I am doing this question for homework and I've arrived at a solution which does not match the book and I am wondering what I'm doing wrong. I feel like my approach is not that much different but we get relatively different answers. Let me know if you find out my flaw, or perhaps there is none.
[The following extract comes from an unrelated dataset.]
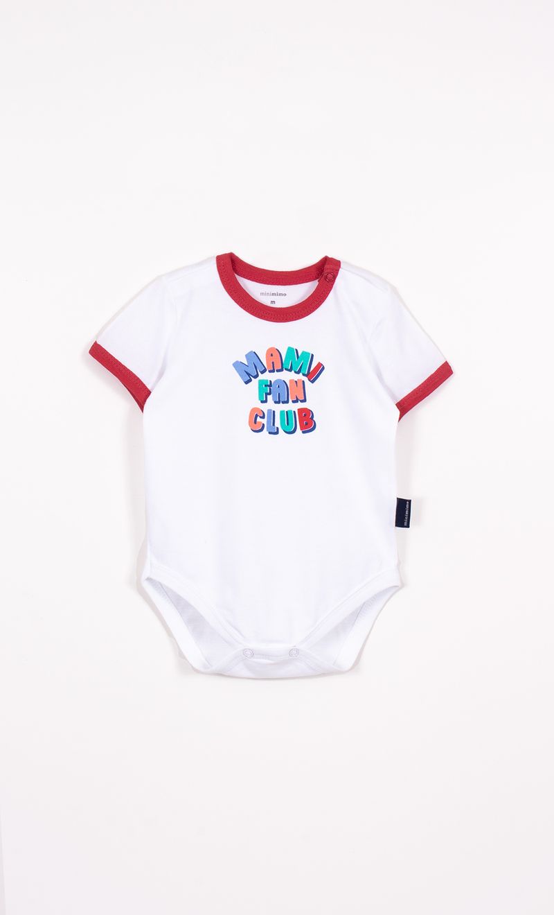 Body de jersey, con collaretas de mangas y escote a contra tono, tiene estampa en delantero, broche arito en escote y entrpiernas para su acceso.

A certain typing agency employs 2 typists. The average number of errors per article is 3 when typed by the first typist and 4.2 by the second. If your article is equally likely to be typed by either typist, approximate the probability that it will have no errors.

Here is my approach:

Let $X =$ # errors, where $X$ is roughly Poisson. Now let

$Y = \begin{cases} 0 & \text{if first typist} \\ 1 & \text{if second typist} \end{cases}$

Then we have:

$EX = E[E(X|Y)] = E(X|Y=0)P(Y=0) + E(X|Y=1)P(Y=1) = \frac{1}{2}(3 + 4.2) = 3.6$.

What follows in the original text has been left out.